The "JAPH" thing was a pretty cool thing too.
perl -e '$a = q 94a75737420616e6f74686572205065726c204861636b65720a9 and ${qq$\x5F$} = q 97265646f9 and s g..g; qq e\x63\x68\x72\x20\x30\x78$&eggee; {eval if $a =~ s e..eqq qprint chr 0x$& and \x71\x20\x71\x71qeexcess}'
It is kind of surprising to hear that regex can do that, but once you see the regex its kind of obvious. Its just checking if the number is 1, or if the number can be represented by 2 or more 1's repeated at least 2 times.

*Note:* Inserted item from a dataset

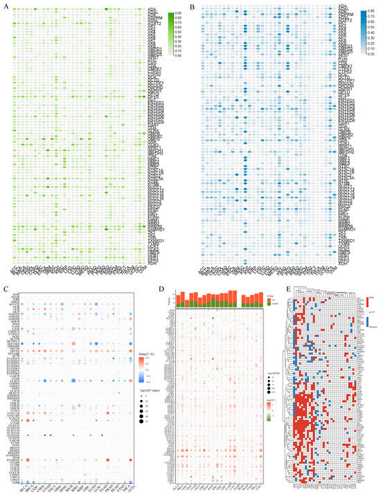 Panoramic view of nucleotide metabolism-related genes (NMRGs) in pan-cancer. (A,B) Histogram displays the frequency of copy number variation (CNV) for each NMRG in each tumor type ((A) amplification; (B) deletion). (C) Heatmap displays the differential methylation of NMRGs in cancers; hypermethylated and hypomethylated genes are denoted with red and blue, respectively (Wilcoxon rank-sum test). (D) Histogram (upper panel) and heatmap demonstrate the number of significant DEGs and the fold change and FDR of NMRGs, respectively, in each cancer. Substantially upregulated and downregulated genes are denoted with red and green, respectively. (E) NMRGs’ survival profiles across cancers.

Which is literally the definition of a prime (is the number divisible by a number >= 2)
/^(..+?)(?=\1+$)/
Edit: of course, silly me, +? is non-greedy.The regex is not totally trivial, but it's not super sophisticated either: conceptually 'just' a Sieve of Eratosthenes.
(?=(x(x*)).*(?=\1*$)\2+$)(?=(x\1)+(x?(x*)))(?=\4(x(x*?))\1+$)(?=.*(?=(?=\4*$)\4\5+$)(x*?)(?=\3*$)(x?(x*?))(\1+$|$\9))(?=.*(?=(?=\4*$)(?=\6*$)(?=\4\7+$)\6\5+$|$\4)(x*?)(?=\3*$)(x?(x*?))(\1+$|$\13))(?=.*(?=\12\12\9$)(x*?)(?=\3*$)(x?(x*?))(\1+$|$\17))(?*.*?(?=((?=\3*(x?(x*)))\21(x(x*?))\1+$)))(?=.*(?=\23*$)(\23\24+$))(?=.*(?=(?=\21*$)\21\22+$)(x*?)(?=\3*$)(x?(x*?))(\1+$|$\27))(?=.*(?=(?=\21*$)(?=\23*$)(?=\21\24+$)\23\22+$|$\21)(x*?)(?=\3*$)(x?(x*?))(\1+$|$\31))(?=.*(?=\30\30\27$)(x*?)(?=\3*$)(x?(x*?))(\1+$|$\35))(?=.*(?=\26\26)(?=\3*(x*))(\1(x)|))(?=.*(?=\34\34\40)(?=\3*(x*))(\1(x)|))(?=(?=(.*)\13\13\17(?=\6*$)\6\7+$)\44(x+|(?=.*(?!\16)\41|(?!.*(?!\38)\8).*(?=\16$)\41$))(\25\31\31\35){2}\43$)\20|xx?\B|
Source: https://codegolf.stackexchange.com/a/198428> In CS theory, regular languages are a strict subset of context-free languages, but regular expression implementations in mainstream programming languages are more powerful. As noulakaz.net/weblog/2007/03/18/… describes, so-called "regular expressions" can check for prime numbers in unary, which is certainly something that a regular expression from CS theory can't accomplish. – Adam Mihalcin Commented Mar 19, 2012 at 23:50
I saw that by Abigail on comp.lang.perl.misc many moons ago. Here is an article about it: http://test.neilk.net/blog/2000/06/01/abigails-regex-to-test...
As far as I know, she was the genesis of this whole thing.